Keywords: seasonal work

Today, the European Parliament LIBE Committee voted on the directive on conditions of entry and residence of third-country nationals for the purpose of seasonal employment in EU Member States. The rules, under negotiations since 2010, were provisionally agreed upon by the European Parliament and the Council Presidency and backed by national governments on 29 October 2013. The directive will be put to a plenary vote in January 2014.

The European Network Against Racism (ENAR), the European Federation of National Organisations Working with Homeless People (FEANTSA), and the Platform for International Cooperation on Undocumented Migrants (PICUM) warmly welcome and strongly support measures agreed upon by the European Parliament and the Council that aim at creating better working and living conditions for third-country seasonal workers across the EU. However, some of the measures the civil society proposed regarding social rights and equal treatment of workers were not taken into account, which might jeopardise the effectiveness of the Directive by not sufficiently addressing exploitation risks.

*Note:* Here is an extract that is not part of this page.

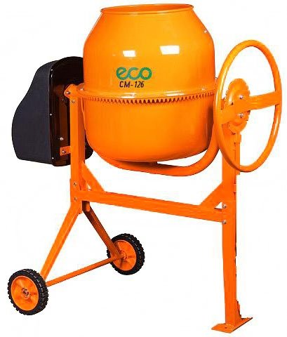 - Описание Бетоносмеситель ECO CM-126 (CM-126) применяется на небольших стройплощадках, где не выгодно или нет возможности организовать прямые поставки готового бетона. Служит для смешивания сухих строительных смесей с целью приготовления цемента или бетона. Стальной прочный корпус бетономешалки покрыт толстым слоем защитной эмали, что повышает коррозионную стойкость оборудования. Зубчатая передача выполнена из чугуна и исключает возможность стирания зубьев. Ременной привод защищает электромотор от перегорания в следствии перегрузок. Для удобства транспортировки конструкция оснащена колесами.

Definition of seasonal work

The definition of seasonal work remains vague, and is left to the discretion of Member States, which might easily lead to improper and different national definitions of the sectors covered by the Directive. Moreover, the role of the social partners in deciding which sectors will be included is very limited and not compulsory.

Conditions of admission

On one hand, we strongly support the inclusion of essential aspects of the work contract – or binding job offer – as a condition for admission of workers, in order to allow for a proper enforcement of labour regulations. On the other hand, we believe there should have been greater effort to allow the introduction of applications of third-country nationals who are already residing in a Member State. While the new rules would simplify the admission procedures, States may refuse admission on criteria deemed subjective, such as the risk of irregular migration and possible threat to public security.

Sanctions and complaints

We support the inclusion of sanctions for employers and subcontractors who have infringed the provisions. The use of ‘may clauses’ for sanctions against subcontractors (art. 12a.3) might lead to arbitrariness and spoils the good intents. We support the rules with regard to access to information and to the facilitation of complaints, although no mechanism to support victims was foreseen.

Duration of stay

We support the provisions allowing seasonal workers to be employed by different employers and to stay – within the maximum period – to look for another employer. However, we regret the extension of the maximum duration of stay to 9 months in a 12-month period. As third-country seasonal workers would have a less favourable status than other workers, longer stays might empty the Directive from its ‘seasonal’ essence and increase the risk of social dumping.

Equal treatment

We support the rules provided in order to guarantee the same rights for migrant seasonal workers as EU nationals with regard to working conditions, right to strike, back payments, access to social security and to public goods and services, access to advice services on seasonal work and tax benefits. We also welcome the inclusion of education and training opportunities for seasonal workers. However, we regret the opportunity for Member States to exclude seasonal workers from unemployment benefits and to restrict equal treatment only to education and training linked to the specific employment activity.

Accommodation

We welcome the inclusion of the requirement whereby seasonal workers will benefit from accommodation that ensures adequate standard of living according to national legislation and the safeguards foreseen when accommodation is arranged by or through the employer.

Fees

Although we recognise an effort not to let seasonal workers pay for administrative fees as well as for the cost of travel and sickness insurance, the Directive would leave it up to Member States to decide whether these fees will be covered by the employers or workers.